Sam Sammis, a Randolph commercial real estate owner, said he’s detected a different frame of mind in the town toward development since he attempted a few years ago to build a mix-used development west of I-89 at Exit 4 and was battled by conservation groups to whom he eventually sold the property.

“I realized they were going to appeal my Act 250 application until I was in the grave,” Sammis said.

But he’s detected a change.

“I’ve seen more positive things happening. We’re on the upswing,” he said.

After the engineering firm Sanborn & Head vacated Sammis’ office building at 2 South Main St., he converted their former second floor offices into a co-working space with shared conference rooms and 17 mini-offices and last fall began renting the units for $200 to $400 per month. He now has 13 of the units rented; tenants include three lawyers, a nurse-midwife, a mediator and a financial manager.
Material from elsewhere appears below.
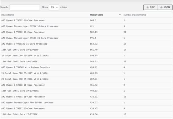 首先是大家耳熟能详的Blender,在3.5.0版本的测试中,其获得总分522.8的成绩,这个成绩相当给力,通过查询官方数据库可以看到,该成绩同样超过了桌面级处理器以及i9-13980HX。从这一点可以看出,它的性能并不比桌面处理器弱。

When it comes to being a destination for recreational sports, Selectboard chairwoman Trini Brassard said she would like to see the town weigh ideas that would attract ATV riders on trail and class 4 road networks, similar to what Island Pond, Vt., has done in the Northeast Kingdom. She said that community has demonstrated that it’s feasible to balance environmental and conservation concerns with the off-road sports vehicles.

“We love motorized sports,” she told Scott and others who had crammed inside the downtown Randolph building that Rae wants to be a hub for outdoor recreation in the area.

“We’d love to have a racetrack,” she volunteered to laughter among the attendees, although she noted that such an idea might face some stiff opposition.

“You can imagine, given what happened with the hotel (at Exit 4), how difficult that would be to permit,” Brassard said.